After locating the line with "Each scoop delivers" below, output it and each following line exactly, stopping after the line with "Lit rembourré 140x200". No pictures.

=== Source data ===
Segment Open
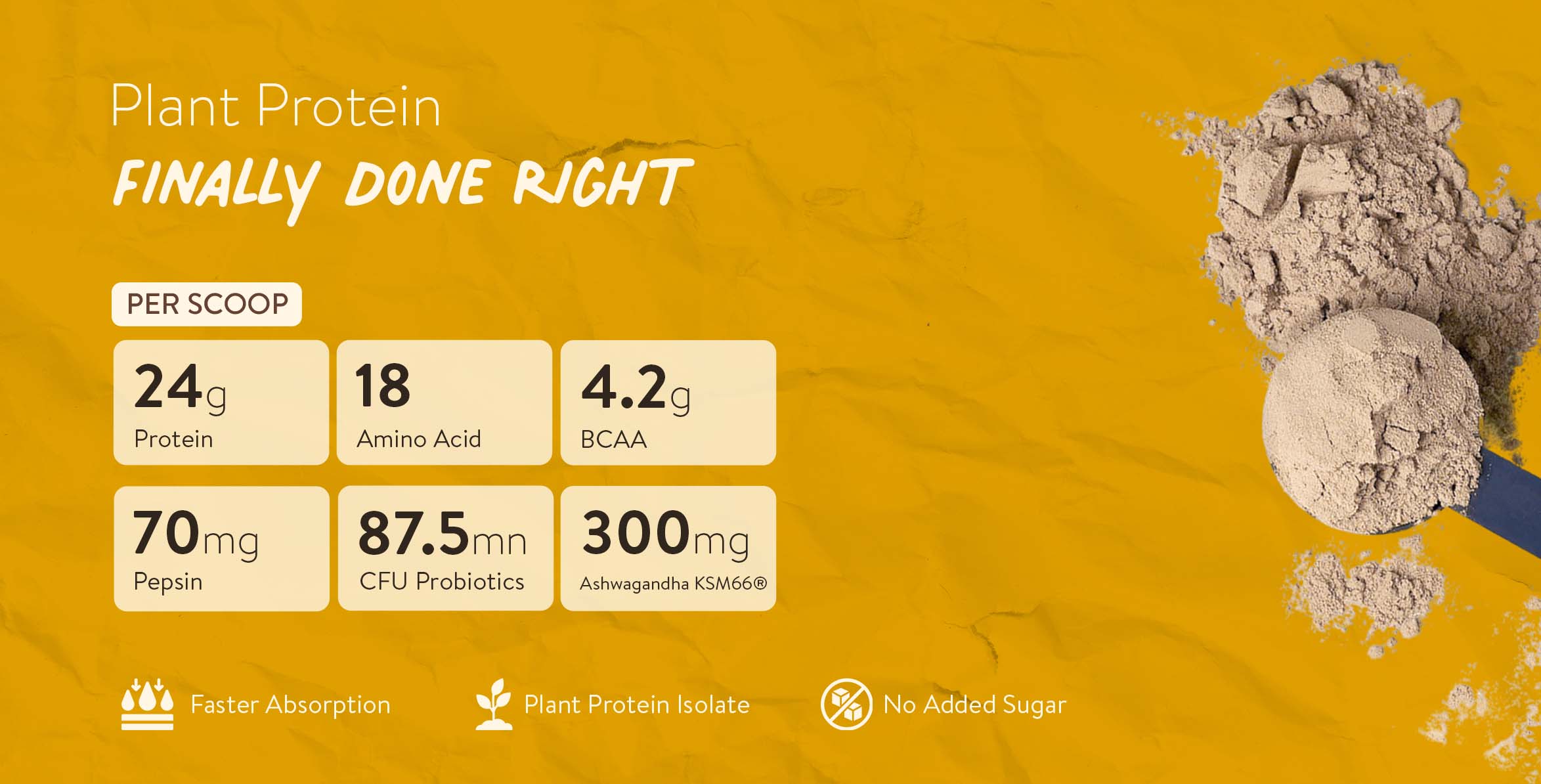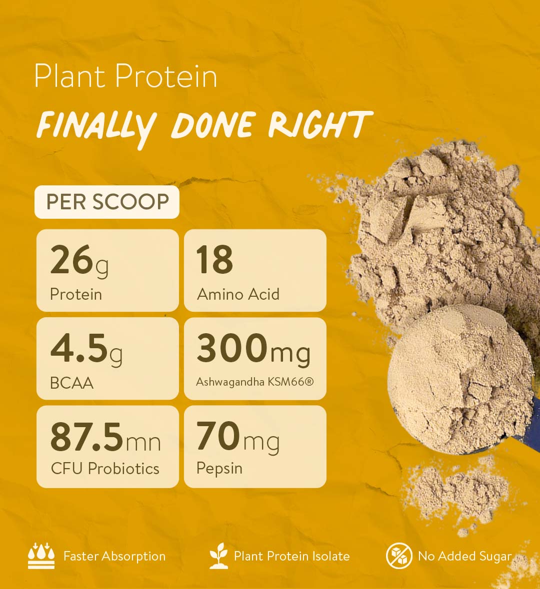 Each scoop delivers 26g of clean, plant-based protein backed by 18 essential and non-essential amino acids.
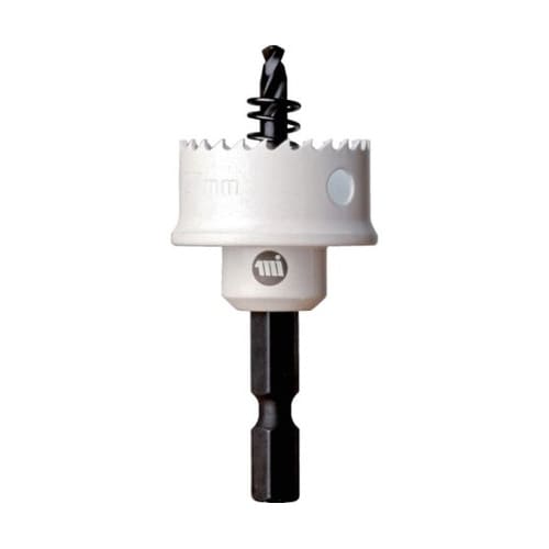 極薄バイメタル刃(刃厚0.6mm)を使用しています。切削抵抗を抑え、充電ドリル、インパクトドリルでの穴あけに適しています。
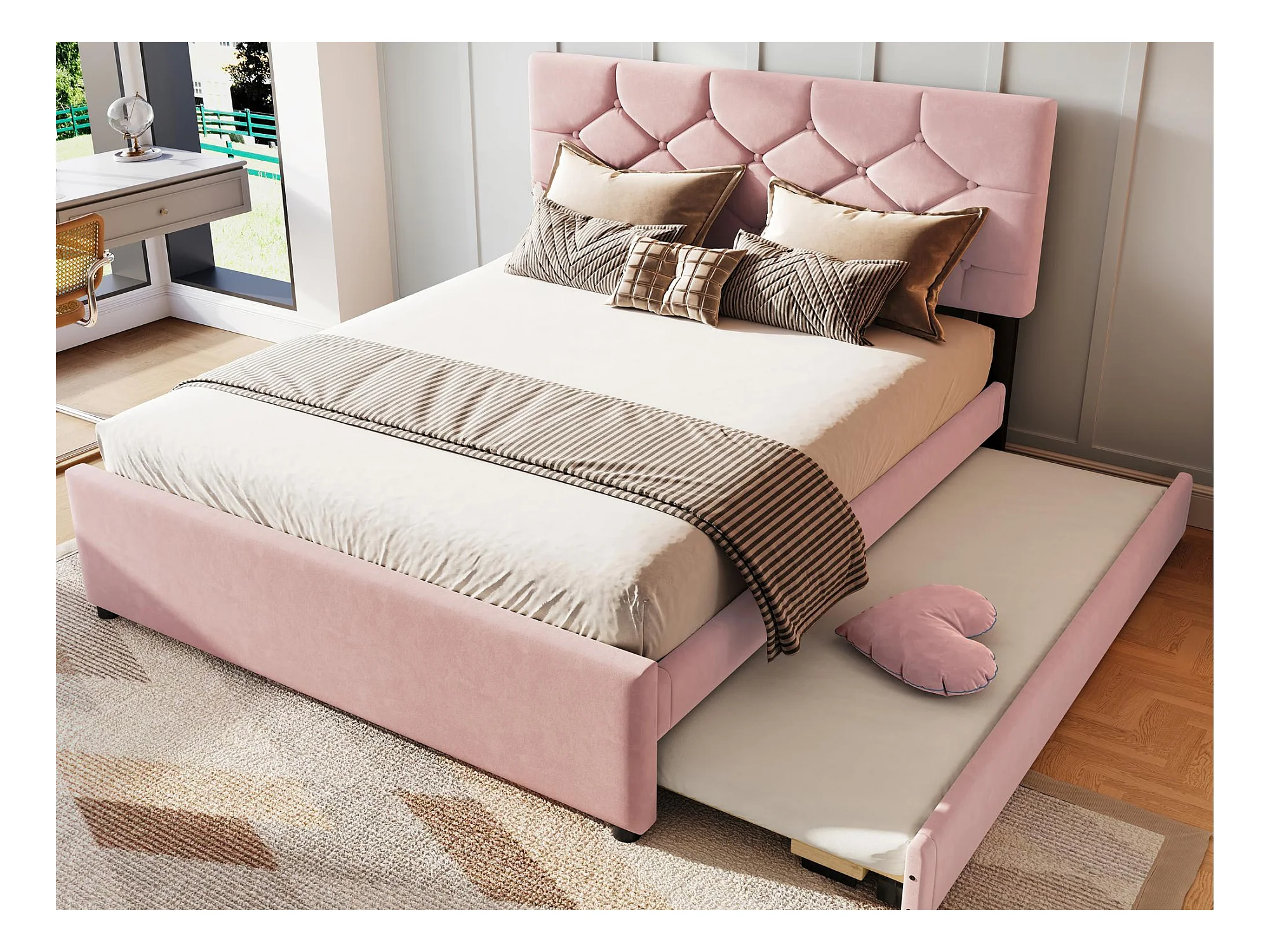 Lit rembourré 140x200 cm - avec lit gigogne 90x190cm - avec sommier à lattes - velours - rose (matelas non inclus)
Segment Closed
Segment Open
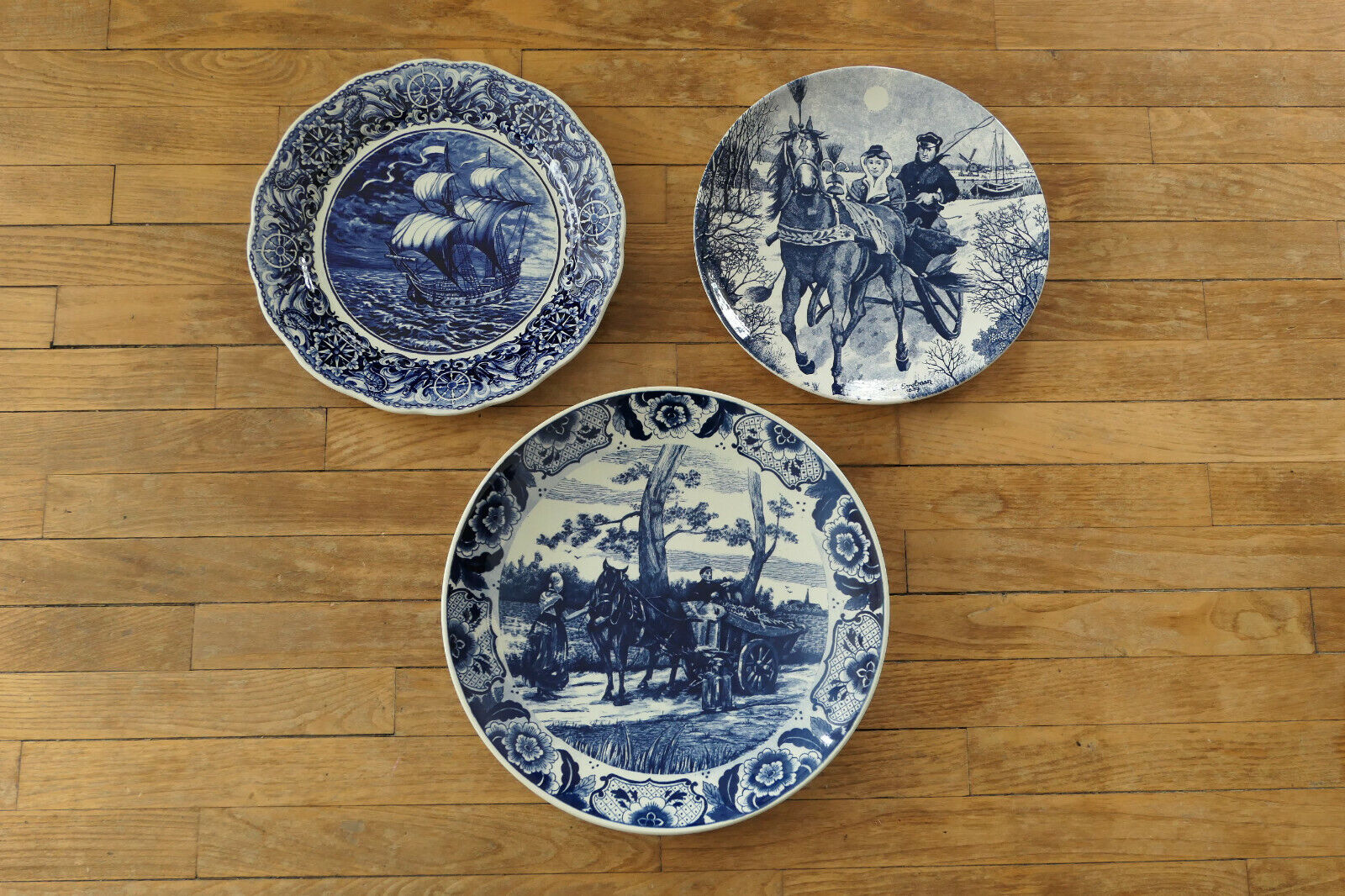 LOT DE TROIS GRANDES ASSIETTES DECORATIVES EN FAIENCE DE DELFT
Segment Closed
=== Reply to the task ===
 Each scoop delivers 26g of clean, plant-based protein backed by 18 essential and non-essential amino acids.
 極薄バイメタル刃(刃厚0.6mm)を使用しています。切削抵抗を抑え、充電ドリル、インパクトドリルでの穴あけに適しています。
 Lit rembourré 140x200 cm - avec lit gigogne 90x190cm - avec sommier à lattes - velours - rose (matelas non inclus)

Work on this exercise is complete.